Excerpts from a dataset:
-------------------------
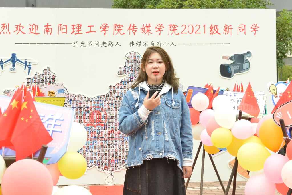 数字媒体与艺术设计学院的迎新展板则用每个新生的名字组成四个爱心,四个爱心同时也代表该学院的四个专业,并为新生赠送植物小盆栽,寓意希望和梦想。同时,学长学姐也为迎接新生进行了热闹非凡的各色表演。
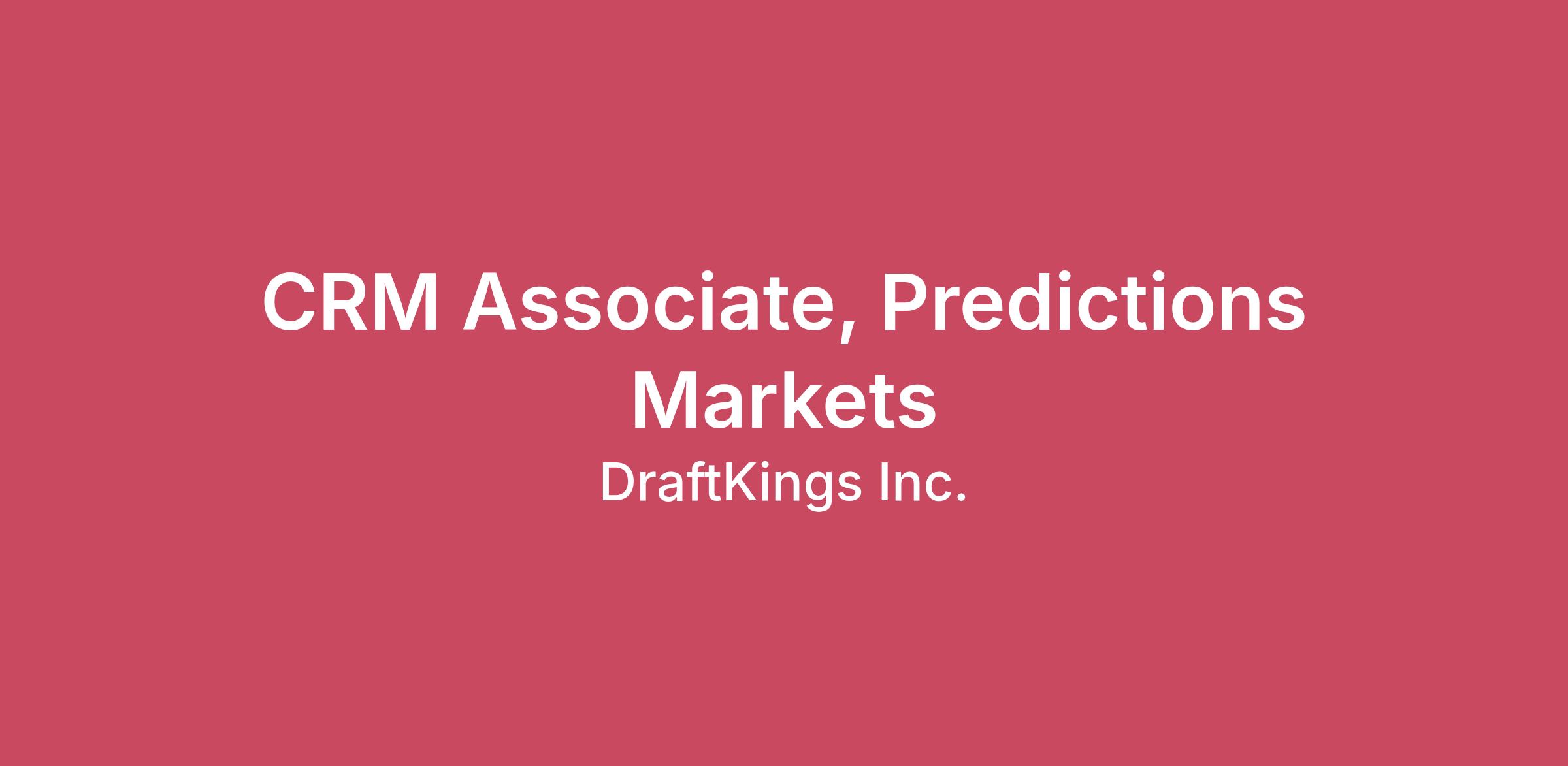 Join a fast-moving team at the forefront of sports and entertainment where you'll help shape dynamic, data-informed marketing campaigns for DraftKings Predictions. As a CRM Associate, you'll manage campaign execution, partner closely with teams across Analytics, Product, and Engineering, and play a key role in delivering an exceptional customer experience.
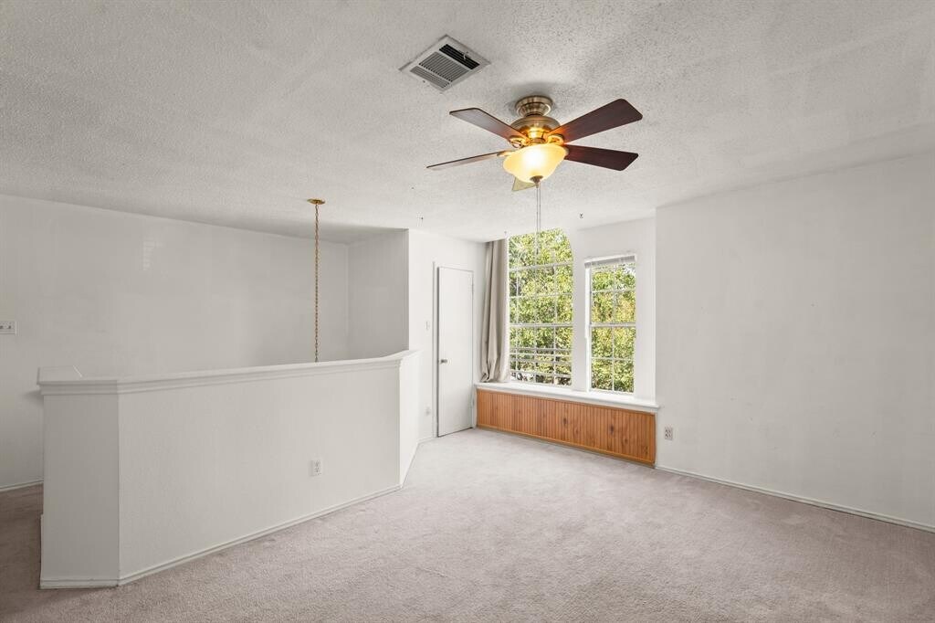 ***OPEN HOUSE SAT 10/4 FROM 2:30-3:30PM*** Tucked away on a quiet cul-de-sac adjacent to a park, this 3 bedroom and 2.5 bath home offers an open floor plan that feels larger than its size. The spacious living room features a cozy fireplace, while upstairs you’ll find a bright game room perfect for work or play. The kitchen opens to the living area with a sunny dining space, and the oversized covered patio overlooks a fenced backyard—great for gatherings or relaxation. The private owner’s suite includes double doors, an ensuite bath with dual vanities, and two closets plus a linen closet. Ceiling fans in all bedrooms add comfort year-round.
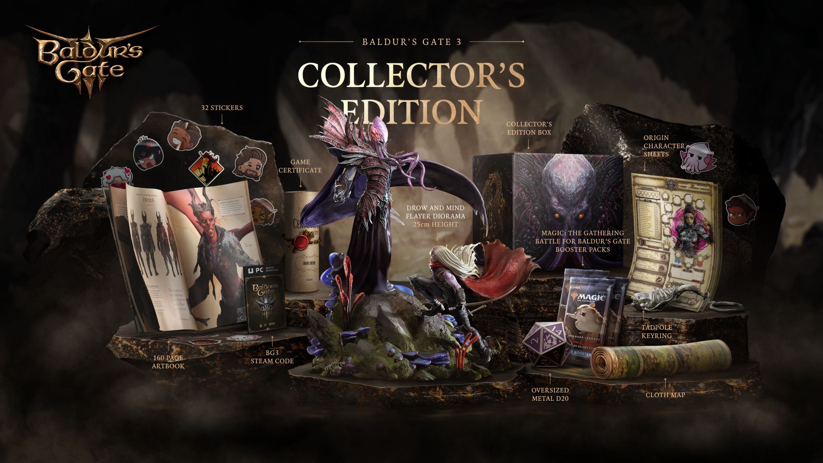- Three Magic: The Gathering booster packs containing the Commander Legends: Battle for Baldur’s Gate card set, featuring characters from Baldur’s Gate 3. (Limited to the first 15k Collector’s Editions sold).
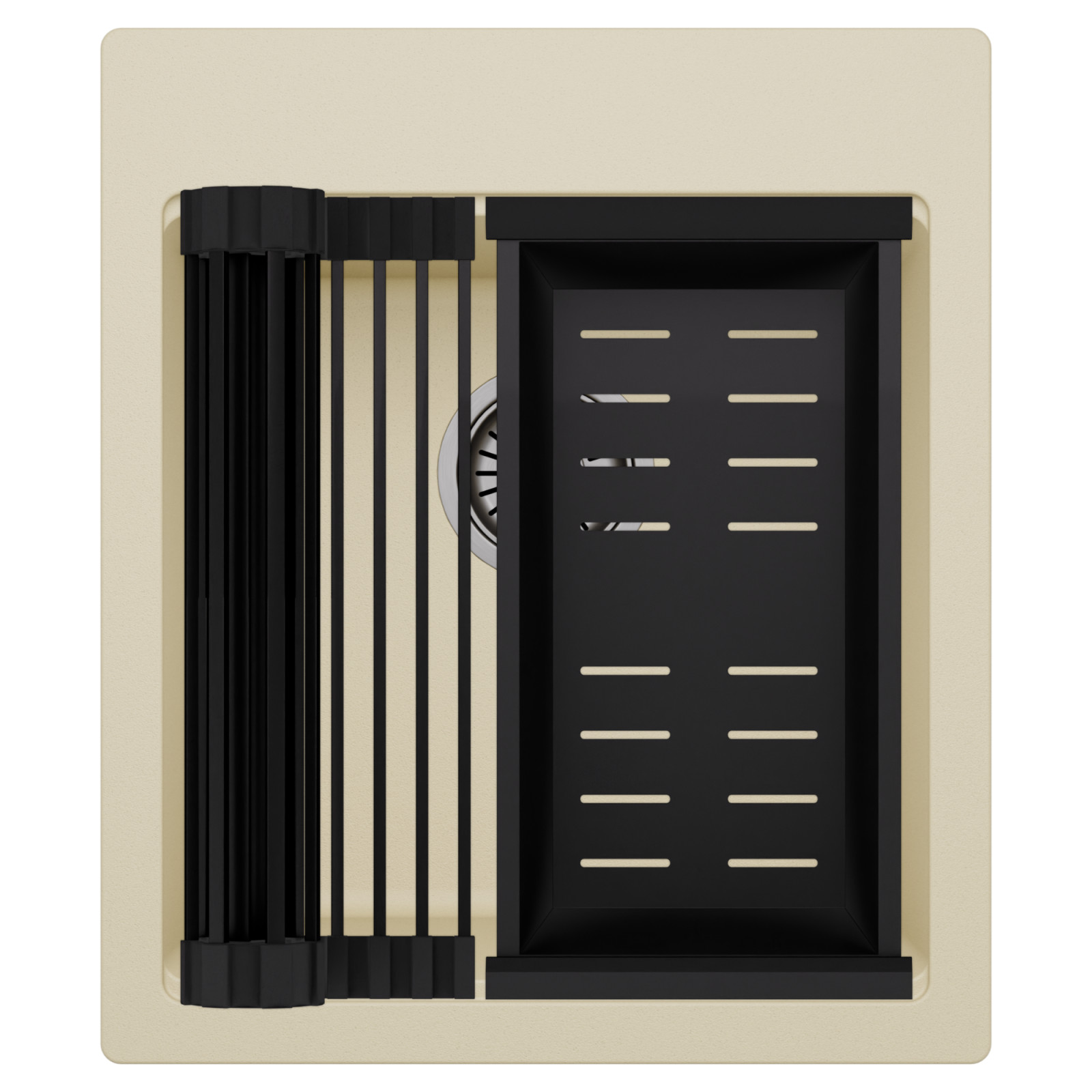HD Infinity Beige 43 egymedencés mosogatótálca szett, csepegtetőráccsal és kosárral, soft bézs
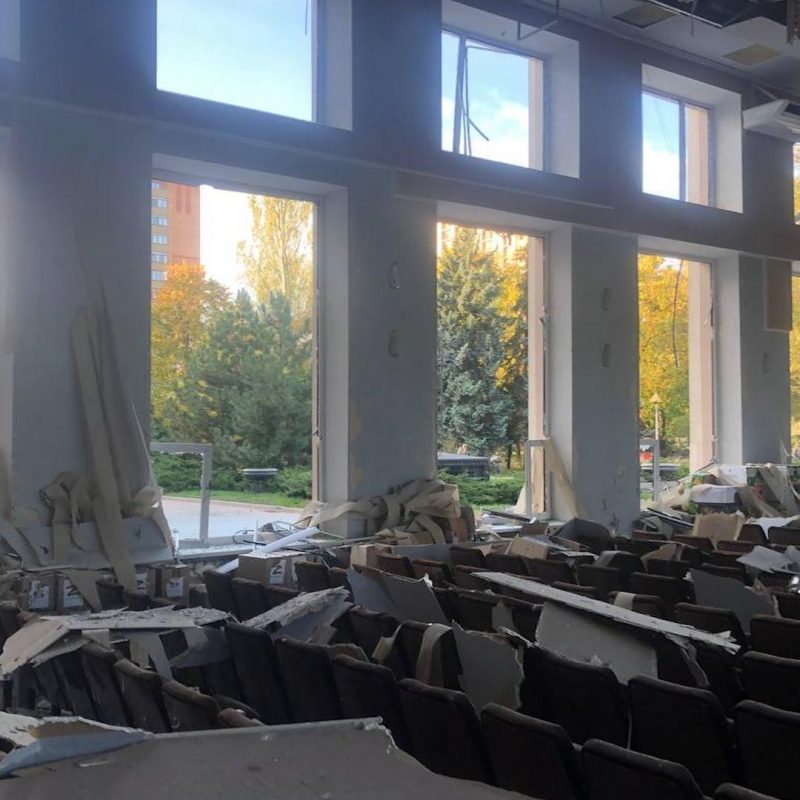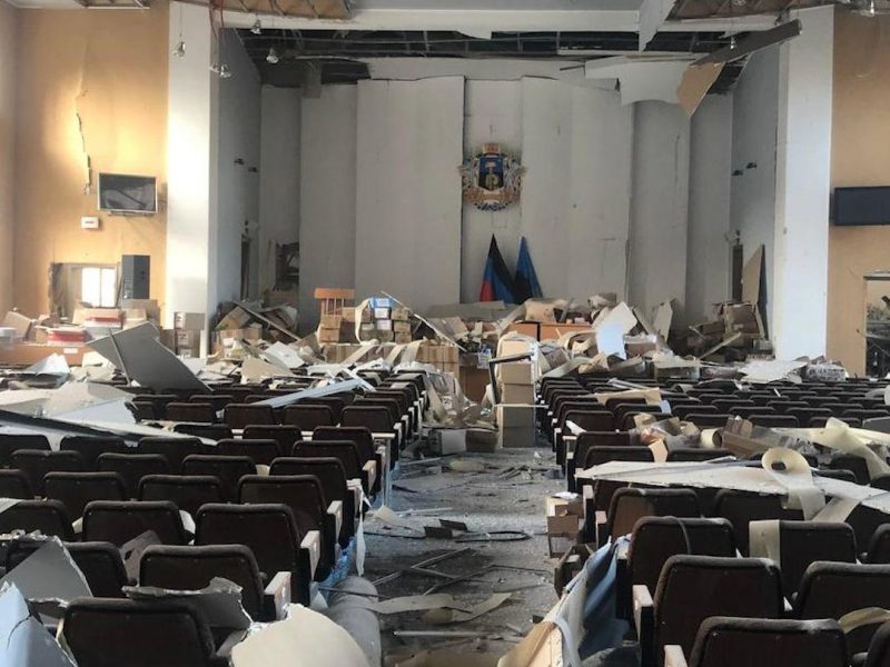 Один из снарядов, который националисты выпустили из американской реактивной установки залпового огня, попал в здание городской администрации. Ранены двое мирных граждан. Выбиты окна, разрушены залы, обломками завалены коридоры и парковка.
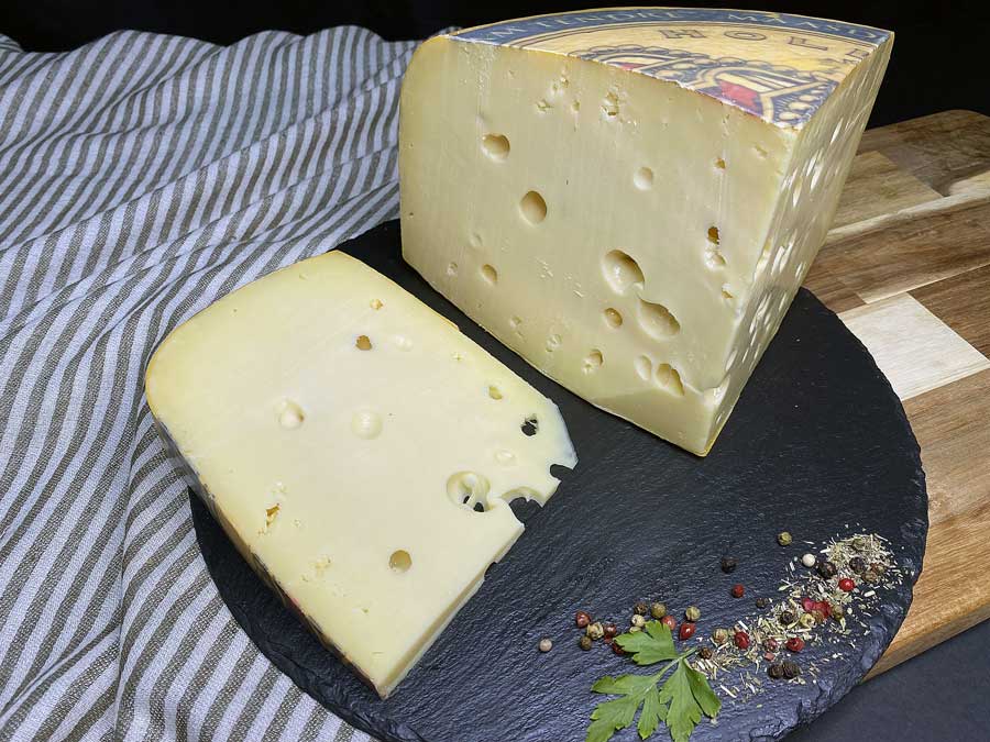 El queso Maasdammer se elabora a partir de leche pasteurizada de vaca. Es un queso de origen holandés creado como alternativa del Emmental suizo.
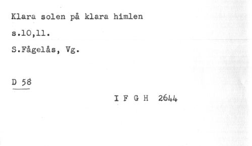 //// Klara solen på klara himlen //// s.10,11. //// S.Fågelås, Vg. //// D 56 //// I F G H 2644 //// * ////
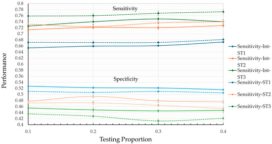 An important observation from Figure 3 and Figure 4 is that ST2 is the only model that presents balanced results across the metrics studied. In sensitivity, ST2 remains significantly greater than ST1 and approaches the performance of ST3 across all test ratios. Comparing the best values, ST1 reaches 0.6812 while ST2 achieves 0.7402, representing an 8.7% increase in sensitivity. The percentage difference between ST2 (0.7402) and ST3 (0.7729) is 4.2% in the same metric. A similar pattern is observed in the specificity metric, where ST2 outperforms ST3 and approaches ST1.
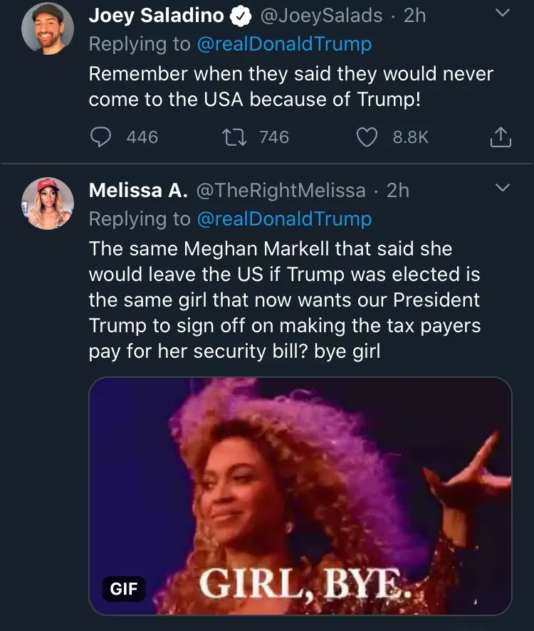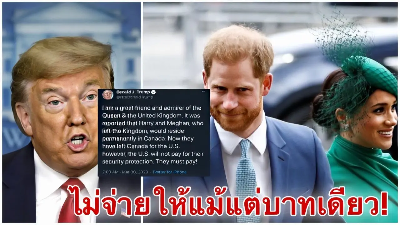 ไม่รู้ว่าเป็ความแค้นส่วนตัวหรือว่าอย่างไรที่ทรั้มถึงกับต้องออกมาประกาศผ่านทวิตว่าจะไม่ซับพอร์ตค่าซิคิวริตี้ให้กับ แฮร์รี่และเมแกน อย่างแน่นอน หลังทั้งคู่ ทิ้งราชวงศ์มาอยู่แคนาดาและกำลังจะย้ายจากแคนนาดามาอยู่ที่ LA โดยทรั้มป์ได้ประกาศว่า
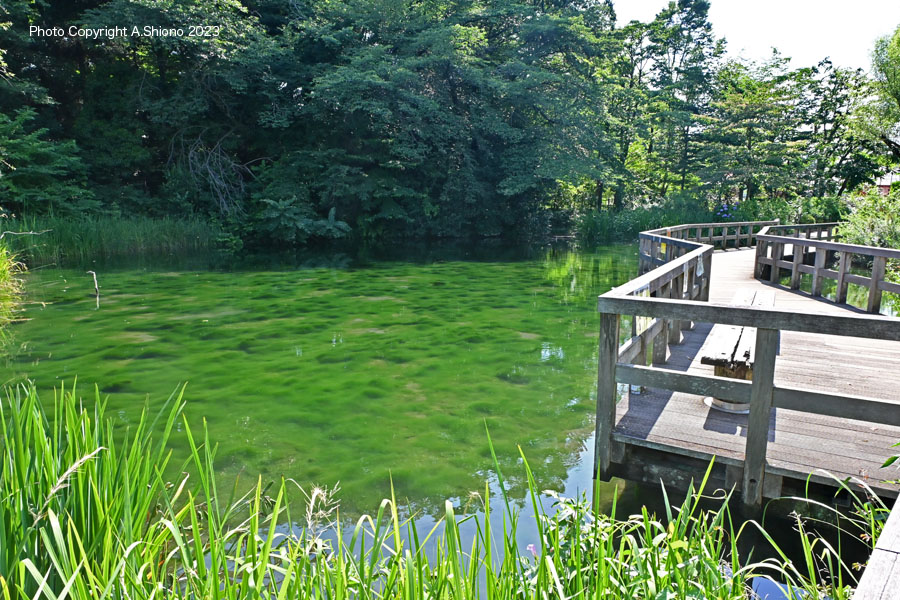 2023年の7月上旬はまだ梅雨の真っ最中です。しかし毎年のように大雨が降ったと思えば運良く晴れた日もあります。この姿見の池は起伏のある西国分寺駅東側の丘あたりから地面に染み込んだ雨水が東福寺東側から小川となって東に流れ、先で南に向きを変えて姿見の池に流れ込んでいます。 ![]() 池底一面が藻で緑になった姿見の池 撮影:NIKON Zfc+Z12-28mm f/3.5-5.6 VR DX15mm ISO 640 1/400 f/8 -0.3段
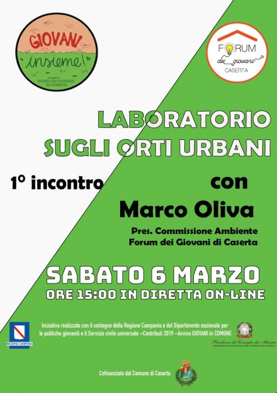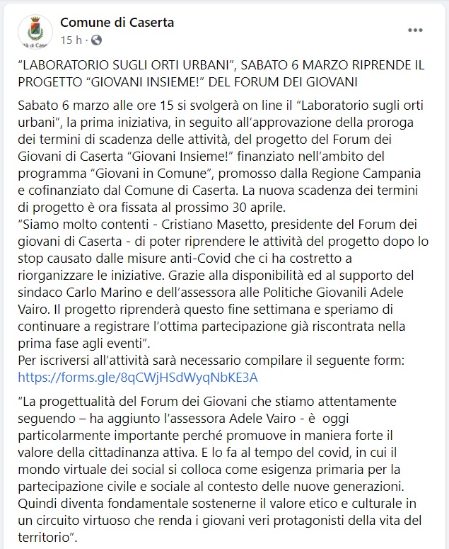 Questo quanto pubblicato sulla pagina fb del Comune di Caserta: "“LABORATORIO SUGLI ORTI URBANI”, SABATO 6 MARZO RIPRENDE IL PROGETTO “GIOVANI INSIEME!” DEL FORUM DEI GIOVANI Sabato 6 marzo alle ore 15 si svolgerà on line il “Laboratorio sugli orti urbani”, la prima iniziativa - si legge nella nota -, in seguito all’approvazione della proroga dei termini di scadenza delle attività, del progetto del Forum dei Giovani di Caserta “Giovani Insieme!” finanziato nell’ambito del programma “Giovani in Comune”, promosso dalla Regione Campania e cofinanziato dal Comune di Caserta. La nuova scadenza dei termini di progetto è ora fissata al prossimo 30 aprile. “Siamo molto contenti - Cristiano Masetto, presidente del Forum dei giovani di Caserta - di poter riprendere le attività del progetto dopo lo stop causato dalle misure anti-Covid che ci ha costretto a riorganizzare le iniziative. Grazie alla disponibilità ed al supporto del sindaco Carlo Marino - si legge nella nota - e dell’assessora alle Politiche Giovanili Adele Vairo. Il progetto riprenderà questo fine settimana e speriamo di continuare a registrare l’ottima partecipazione già riscontrata nella prima fase agli eventi”. Per iscriversi all’attività sarà necessario compilare il seguente form: https://forms.gle/8qCWjHSdWyqNbKE3A “La progettualità del Forum dei Giovani che stiamo attentamente seguendo – ha aggiunto l’assessora Adele Vairo - è oggi particolarmente importante perché promuove in maniera forte il valore della cittadinanza attiva. E lo fa al tempo del covid, in cui il mondo virtuale dei social si colloca come esigenza primaria per la partecipazione civile e sociale al contesto delle nuove generazioni. Quindi - si legge nella nota - diventa fondamentale sostenerne il valore etico e culturale in un circuito virtuoso che renda i giovani veri protagonisti della vita del territorio”."
-------------------------
The expected answer is the data retyped exactly, without pictures.

_Solution to this problem_
 数字媒体与艺术设计学院的迎新展板则用每个新生的名字组成四个爱心,四个爱心同时也代表该学院的四个专业,并为新生赠送植物小盆栽,寓意希望和梦想。同时,学长学姐也为迎接新生进行了热闹非凡的各色表演。
 Join a fast-moving team at the forefront of sports and entertainment where you'll help shape dynamic, data-informed marketing campaigns for DraftKings Predictions. As a CRM Associate, you'll manage campaign execution, partner closely with teams across Analytics, Product, and Engineering, and play a key role in delivering an exceptional customer experience.
 ***OPEN HOUSE SAT 10/4 FROM 2:30-3:30PM*** Tucked away on a quiet cul-de-sac adjacent to a park, this 3 bedroom and 2.5 bath home offers an open floor plan that feels larger than its size. The spacious living room features a cozy fireplace, while upstairs you’ll find a bright game room perfect for work or play. The kitchen opens to the living area with a sunny dining space, and the oversized covered patio overlooks a fenced backyard—great for gatherings or relaxation. The private owner’s suite includes double doors, an ensuite bath with dual vanities, and two closets plus a linen closet. Ceiling fans in all bedrooms add comfort year-round.
- Three Magic: The Gathering booster packs containing the Commander Legends: Battle for Baldur’s Gate card set, featuring characters from Baldur’s Gate 3. (Limited to the first 15k Collector’s Editions sold).
HD Infinity Beige 43 egymedencés mosogatótálca szett, csepegtetőráccsal és kosárral, soft bézs
 Один из снарядов, который националисты выпустили из американской реактивной установки залпового огня, попал в здание городской администрации. Ранены двое мирных граждан. Выбиты окна, разрушены залы, обломками завалены коридоры и парковка.
 El queso Maasdammer se elabora a partir de leche pasteurizada de vaca. Es un queso de origen holandés creado como alternativa del Emmental suizo.
 //// Klara solen på klara himlen //// s.10,11. //// S.Fågelås, Vg. //// D 56 //// I F G H 2644 //// * ////
 An important observation from Figure 3 and Figure 4 is that ST2 is the only model that presents balanced results across the metrics studied. In sensitivity, ST2 remains significantly greater than ST1 and approaches the performance of ST3 across all test ratios. Comparing the best values, ST1 reaches 0.6812 while ST2 achieves 0.7402, representing an 8.7% increase in sensitivity. The percentage difference between ST2 (0.7402) and ST3 (0.7729) is 4.2% in the same metric. A similar pattern is observed in the specificity metric, where ST2 outperforms ST3 and approaches ST1.
 ไม่รู้ว่าเป็ความแค้นส่วนตัวหรือว่าอย่างไรที่ทรั้มถึงกับต้องออกมาประกาศผ่านทวิตว่าจะไม่ซับพอร์ตค่าซิคิวริตี้ให้กับ แฮร์รี่และเมแกน อย่างแน่นอน หลังทั้งคู่ ทิ้งราชวงศ์มาอยู่แคนาดาและกำลังจะย้ายจากแคนนาดามาอยู่ที่ LA โดยทรั้มป์ได้ประกาศว่า
 2023年の7月上旬はまだ梅雨の真っ最中です。しかし毎年のように大雨が降ったと思えば運良く晴れた日もあります。この姿見の池は起伏のある西国分寺駅東側の丘あたりから地面に染み込んだ雨水が東福寺東側から小川となって東に流れ、先で南に向きを変えて姿見の池に流れ込んでいます。 ![]() 池底一面が藻で緑になった姿見の池 撮影:NIKON Zfc+Z12-28mm f/3.5-5.6 VR DX15mm ISO 640 1/400 f/8 -0.3段
 Questo quanto pubblicato sulla pagina fb del Comune di Caserta: "“LABORATORIO SUGLI ORTI URBANI”, SABATO 6 MARZO RIPRENDE IL PROGETTO “GIOVANI INSIEME!” DEL FORUM DEI GIOVANI Sabato 6 marzo alle ore 15 si svolgerà on line il “Laboratorio sugli orti urbani”, la prima iniziativa - si legge nella nota -, in seguito all’approvazione della proroga dei termini di scadenza delle attività, del progetto del Forum dei Giovani di Caserta “Giovani Insieme!” finanziato nell’ambito del programma “Giovani in Comune”, promosso dalla Regione Campania e cofinanziato dal Comune di Caserta. La nuova scadenza dei termini di progetto è ora fissata al prossimo 30 aprile. “Siamo molto contenti - Cristiano Masetto, presidente del Forum dei giovani di Caserta - di poter riprendere le attività del progetto dopo lo stop causato dalle misure anti-Covid che ci ha costretto a riorganizzare le iniziative. Grazie alla disponibilità ed al supporto del sindaco Carlo Marino - si legge nella nota - e dell’assessora alle Politiche Giovanili Adele Vairo. Il progetto riprenderà questo fine settimana e speriamo di continuare a registrare l’ottima partecipazione già riscontrata nella prima fase agli eventi”. Per iscriversi all’attività sarà necessario compilare il seguente form: https://forms.gle/8qCWjHSdWyqNbKE3A “La progettualità del Forum dei Giovani che stiamo attentamente seguendo – ha aggiunto l’assessora Adele Vairo - è oggi particolarmente importante perché promuove in maniera forte il valore della cittadinanza attiva. E lo fa al tempo del covid, in cui il mondo virtuale dei social si colloca come esigenza primaria per la partecipazione civile e sociale al contesto delle nuove generazioni. Quindi - si legge nella nota - diventa fondamentale sostenerne il valore etico e culturale in un circuito virtuoso che renda i giovani veri protagonisti della vita del territorio”."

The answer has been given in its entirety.